# Scare in Toy Town (Bb trumpet and piano)



## A/V4U (May 27, 2010)

Sounds great. Very impressive harmony [chord progression]


----------



## sadatayy (May 27, 2010)

absolutely beautiful. stunning. great trumpet.


----------



## Hannes_F (May 28, 2010)

This made me listen. 

Not only a beautiful concert piece but I also immediately thought it would probably be well suited for exams of trumpeters that need to play contemporary (maybe they would either shorten or beef up the second cadence in that case depending on their lungs and lips). If this could be launched somehow in conservatory as a popular study piece it wouldn't be the worst for spreading your name.


----------



## synergy543 (May 28, 2010)

That's such a wonderful sample performance, I pity the poor live players who try to "improve" upon it. You really are getting dangerously close to the far edge of the Uncanny Valley and setting some new performance standards with samples.

When you do get it played live, please do post it. I am most curious to hear.

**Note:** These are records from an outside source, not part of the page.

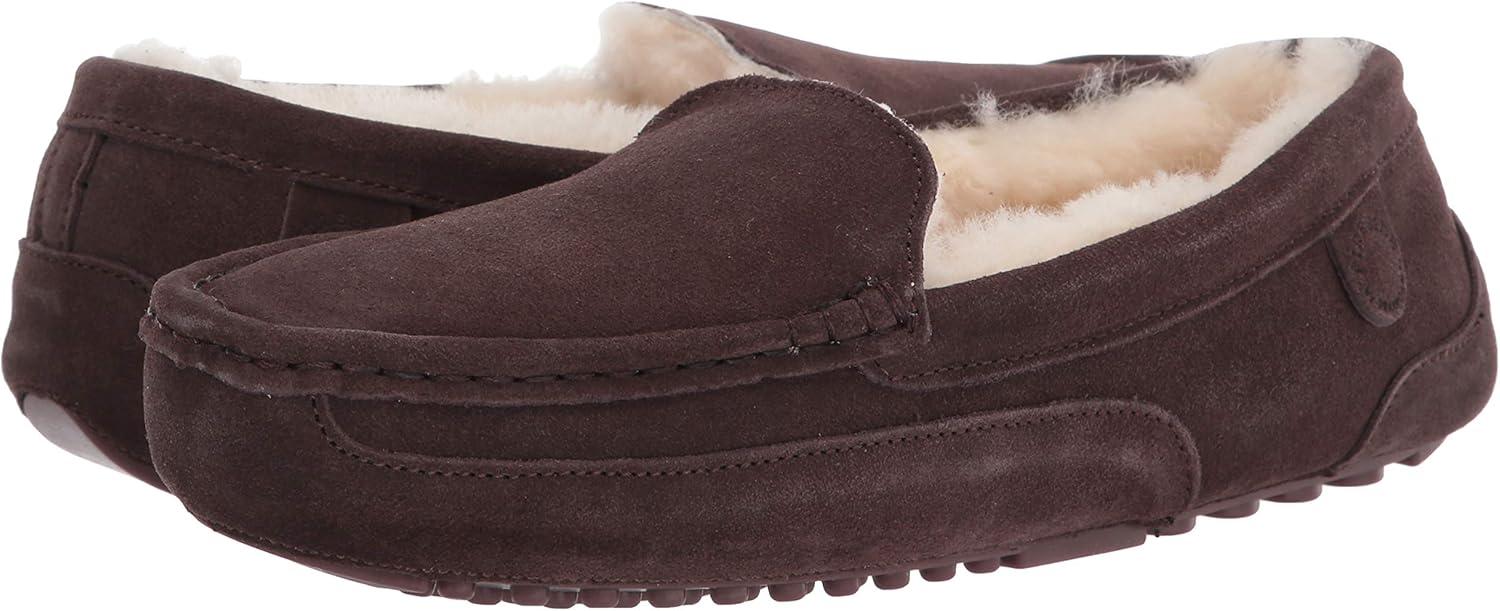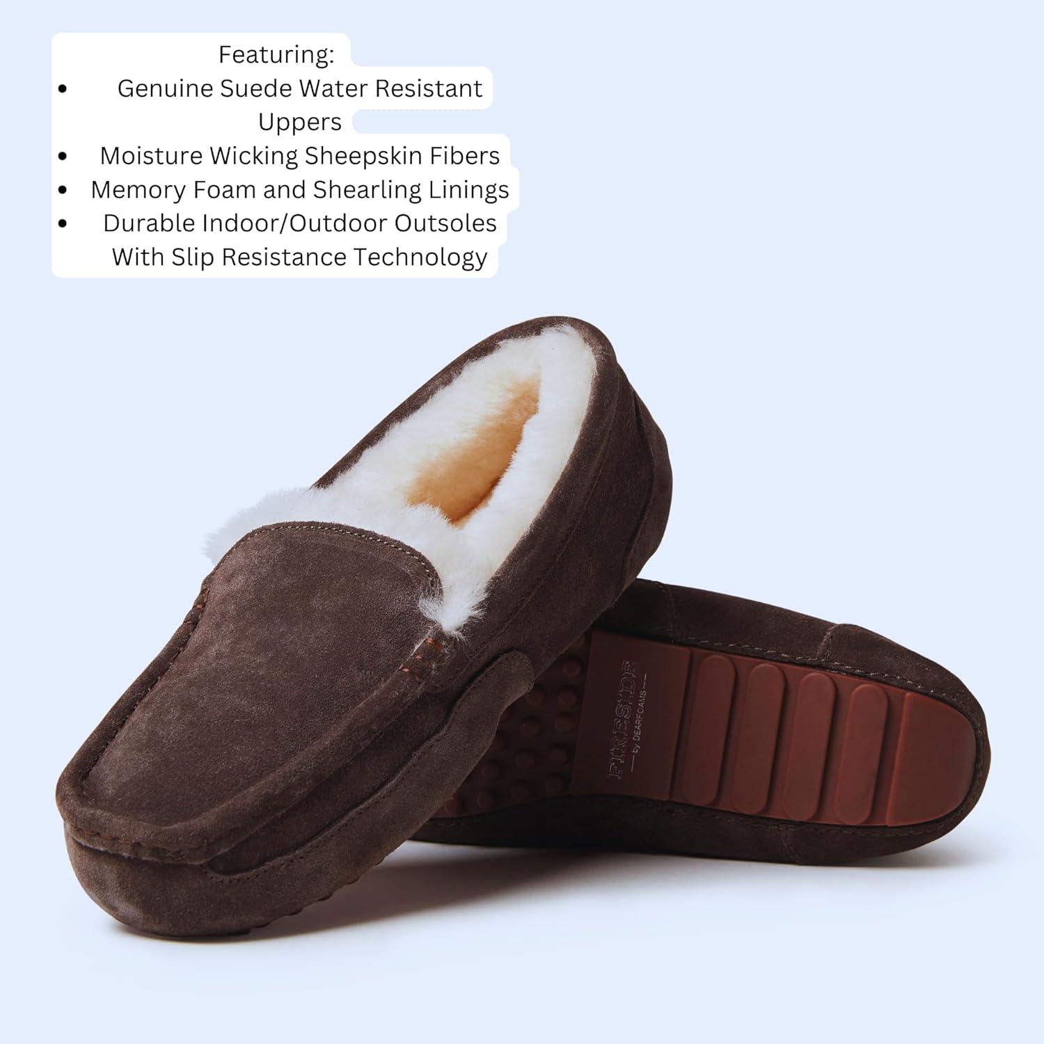 Fireside By Dearfoams Men’s Melbourne Genuine Shearling Moccasin Slippers, Memory Foam Sudede Loafers Slip-in House Shoes(Coffee)
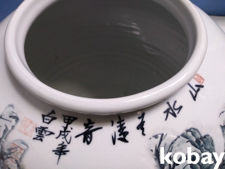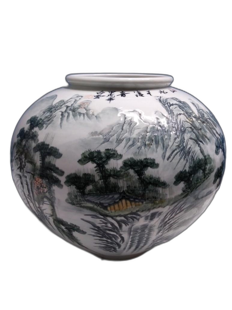 산수 문양이 손으로 만져지는 도자기 입니다.
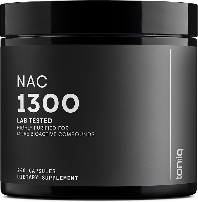 Toniiq 1300mg NAC - 4 Month Supply - Min. 98%+ Tested Purity - Ultra High Strength Bioavailable NAC Cysteine Supplement - 240 Vegetarian N Acetyl Cysteine Capsules -Lab Tested TQ
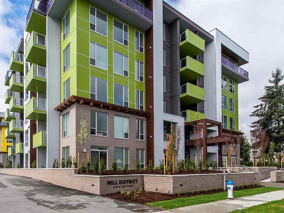 Mill District, a premier collection of 1 to 4 bedroom residences in the heart of Abbotsford's Mill Lake neighbourhood is set to inspire an exceptional quality of life. With Mill Lake at your door step, Seven Oaks Shopping Centre just steps away and a convenient central location, the setting is peaceful and connected. An architectural expression of contemporary style. Mill District pairs engaging details with timeless form. Inside this 2 bed and 2 bath unit, the open kitchen/living room concept is designed to maximize functionality and flow. Good size balcony with gas hookup gets sun all day. GST paid already!
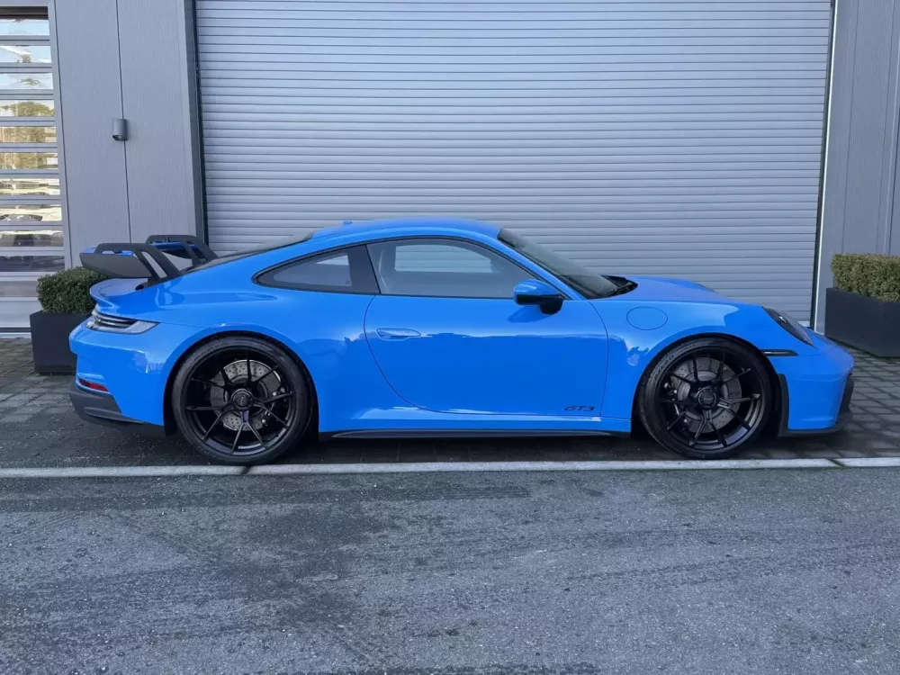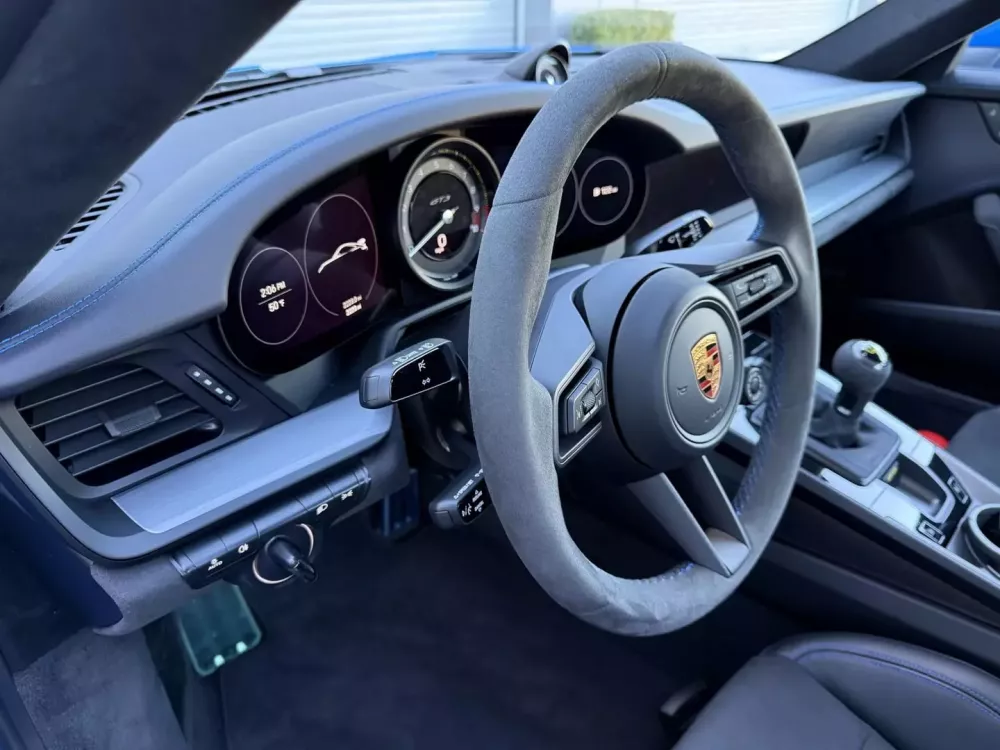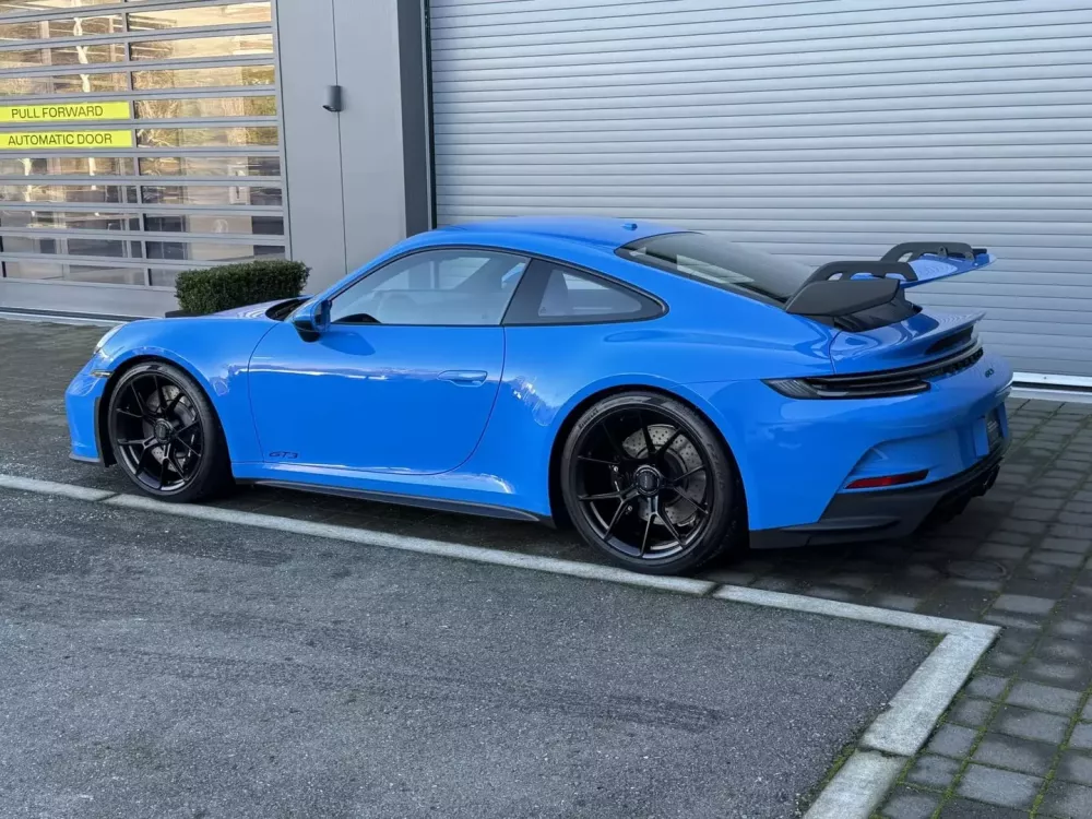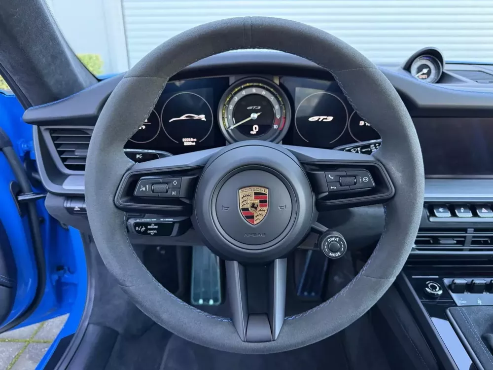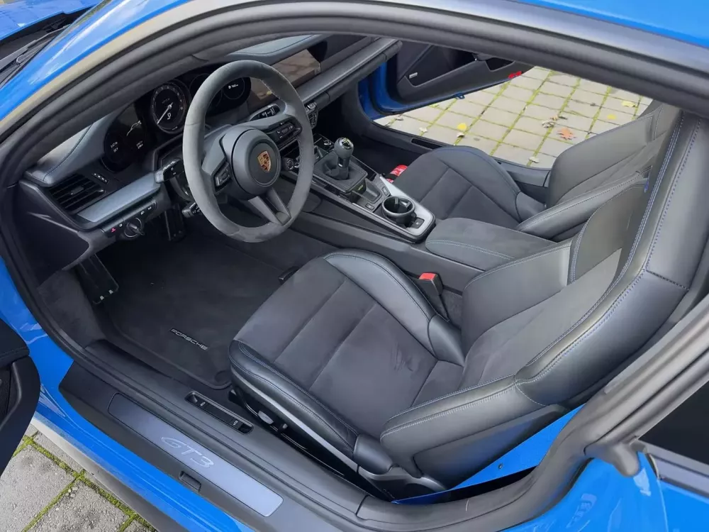 Ngoài ra, chiếc 911 này còn được trang bị đèn pha LED, cánh gió sau dạng cổ thiên nga, đèn hậu thiết kế độc quyền, cùng bộ mâm GT3 khóa trung tâm 20 inch phía trước và 21 inch phía sau màu đen với lốp Pirelli P Zero Corsa và phanh đĩa thông gió ở cả bốn bánh. May mắn thay, xe có hệ thống nâng trục trước, và bạn cũng có hệ thống lái trục sau với cấu hình đặc biệt này. Một sự kết hợp tuyệt vời, theo tôi.

If you want publicity though, you could post it as a "Youtube Challenge". Get players from around the world to post their performances responses.


----------



## Guy Bacos (May 28, 2010)

A/V4U @ Thu May 27 said:


> Sounds great. Very impressive harmony [chord progression]



Thanks A/V4U! I particularly enjoyed working on the harmonic side with this piece. Glad you brought it up.




sadatayy @ Thu May 27 said:


> absolutely beautiful. stunning. great trumpet.



Thanks sadatayy! 



Hannes_F @ Fri May 28 said:


> This made me listen.
> 
> Not only a beautiful concert piece but I also immediately thought it would probably be well suited for exams of trumpeters that need to play contemporary (maybe they would either shorten or beef up the second cadence in that case depending on their lungs and lips). If this could be launched somehow in conservatory as a popular study piece it wouldn't be the worst for spreading your name.



Thanks Hannes!

Interestingly someone suggested the same thing about my Alto Trombone piece on Northern forum. I'm quite behind in my printing, several requests for some pieces, but I have to print them, none are notated. This fellow asked for the sheet music of "Paper Airplane" (for piccolo trumpet) along with the mp3 with the orchestral accompaniment. At this point I'm not setting fees, just asking for a donation. But I'm also quite flexible for changes or modifications, which I expect when played by a human.





michaelv @ Fri May 28 said:


> Scarily good,Guy,lol. That trumpet is amazingly realistic, though there's a section ,near the beginning,where I thought,perhaps,there should have been more pause for breath (between around 48" and 1'.10"), because the player would have to have monster lungs to execute it. I pity the poor kid playing _that_ in an exam,lol! Also, there a brief section of what sounds like compression pumping at 2'.02"/2'.03". Not sure why I'm hearing that. A nit pick, though. It's such a catchy theme,the start, and end. The real post,early 20th century, European sound. Wonderful!



Thanks man!

Yep, I tend to write for extra large lungs! It's something I have tried to be more careful recently and will continue to do so, I know I have this bad habit of creating these breathless phrases. Slap on the wrist for me 




synergy543 @ Fri May 28 said:


> That's such a wonderful sample performance, I pity the poor live players who try to "improve" upon it. You really are getting dangerously close to the far edge of the Uncanny Valley and setting some new performance standards with samples.
> 
> When you do get it played live, please do post it. I am most curious to hear.
> 
> If you want publicity though, you could post it as a "Youtube Challenge". Get players from around the world to post their performances responses.



Hehe! This could be quite interesting Synergy. It's interesting because I once had this comment regarding this issue, if samples will raise the bar for performers.




JBacal @ Fri May 28 said:


> Stop being so damn good! :D
> 
> 
> Best,
> Jay



I will when you stop making such damn good mockups! :wink:


----------



## sadatayy (May 28, 2010)

guy you're one of only guys on this forum i can envision being in 1800's and making a successful career as a top composer!


----------



## Guy Bacos (May 28, 2010)

michaelv @ Fri May 28 said:


> 1800's?! Most of his work (including this one) is strictly neo post modern retro classico-baroque extended-modal romanticsm.



LOL


----------



## michaelv (May 28, 2010)

Did I forget to mention Bluegrass?


----------



## Hannes_F (May 29, 2010)

Guy Bacos @ Fri May 28 said:


> Hehe! This could be quite interesting Synergy. It's interesting because I once had this comment regarding this issue, if samples will raise the bar for performers.



I know that samples are driving me forward as a player and also engineering-wise, definetely. I look on every new strings library release like the bunny on the snake and when it is out I must work my way to keep the margin.


----------



## Hans Scheffler (May 29, 2010)

really like the unexpected turns that you take,
Very expressive piece and you show a very broad range of tones from mellow to sharp in a very short amount of time.
Great job!


----------



## Guy Bacos (May 30, 2010)

Thanks Hans! I never know what I'm getting into when starting a piece, the first motif seems to always trigger the rest right to the last note.


----------



## JPQ (Aug 3, 2010)

This trumpet sound is lovely at least in with this user but where is piano form ?


----------